Assigned task – What you return should be only the lines in the entries below between the one holding "Die Umleitung führte" and the one holding "White Long Sleeved", ends included, with every picture left out.

Task material –
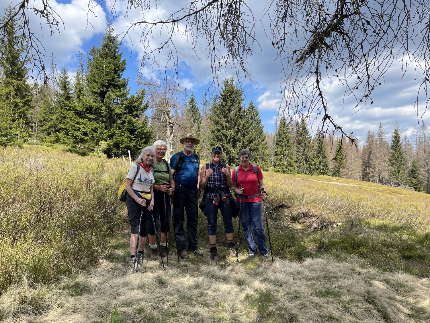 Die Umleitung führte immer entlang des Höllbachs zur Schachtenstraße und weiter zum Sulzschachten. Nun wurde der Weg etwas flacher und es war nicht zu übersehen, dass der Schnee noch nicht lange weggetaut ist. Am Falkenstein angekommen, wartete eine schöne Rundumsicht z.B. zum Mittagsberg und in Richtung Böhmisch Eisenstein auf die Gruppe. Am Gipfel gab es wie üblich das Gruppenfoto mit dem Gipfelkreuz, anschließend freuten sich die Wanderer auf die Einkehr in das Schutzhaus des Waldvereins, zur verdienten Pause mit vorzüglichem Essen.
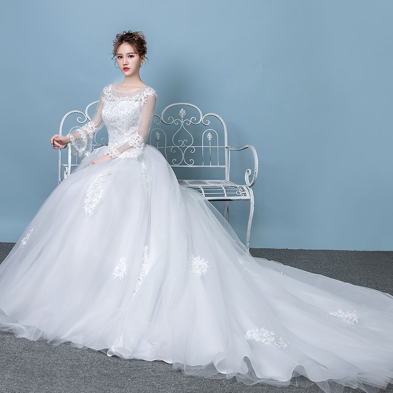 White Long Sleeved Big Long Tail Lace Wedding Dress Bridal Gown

--

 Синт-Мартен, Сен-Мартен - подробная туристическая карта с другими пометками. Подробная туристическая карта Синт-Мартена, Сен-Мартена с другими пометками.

* * *

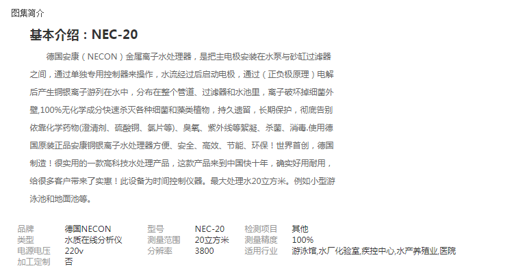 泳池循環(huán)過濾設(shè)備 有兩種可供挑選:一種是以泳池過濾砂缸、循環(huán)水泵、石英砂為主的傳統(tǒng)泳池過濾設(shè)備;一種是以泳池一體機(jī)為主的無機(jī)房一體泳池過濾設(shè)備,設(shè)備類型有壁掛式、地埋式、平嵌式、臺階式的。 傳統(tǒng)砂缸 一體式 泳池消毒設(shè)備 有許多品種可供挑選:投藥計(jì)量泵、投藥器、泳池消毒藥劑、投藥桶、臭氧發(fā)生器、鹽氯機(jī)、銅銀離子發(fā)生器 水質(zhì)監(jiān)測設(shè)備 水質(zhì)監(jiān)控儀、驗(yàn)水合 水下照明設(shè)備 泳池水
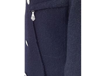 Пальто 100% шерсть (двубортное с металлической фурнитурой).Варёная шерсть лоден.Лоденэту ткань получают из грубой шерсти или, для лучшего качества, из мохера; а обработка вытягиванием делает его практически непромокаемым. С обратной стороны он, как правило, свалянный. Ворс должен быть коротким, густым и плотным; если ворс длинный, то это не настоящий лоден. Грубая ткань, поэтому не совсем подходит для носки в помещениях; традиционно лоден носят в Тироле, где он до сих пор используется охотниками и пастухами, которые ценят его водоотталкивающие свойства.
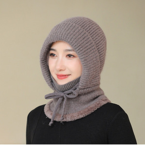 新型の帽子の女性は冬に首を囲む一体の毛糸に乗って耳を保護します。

Task response –
 Die Umleitung führte immer entlang des Höllbachs zur Schachtenstraße und weiter zum Sulzschachten. Nun wurde der Weg etwas flacher und es war nicht zu übersehen, dass der Schnee noch nicht lange weggetaut ist. Am Falkenstein angekommen, wartete eine schöne Rundumsicht z.B. zum Mittagsberg und in Richtung Böhmisch Eisenstein auf die Gruppe. Am Gipfel gab es wie üblich das Gruppenfoto mit dem Gipfelkreuz, anschließend freuten sich die Wanderer auf die Einkehr in das Schutzhaus des Waldvereins, zur verdienten Pause mit vorzüglichem Essen.
 White Long Sleeved Big Long Tail Lace Wedding Dress Bridal Gown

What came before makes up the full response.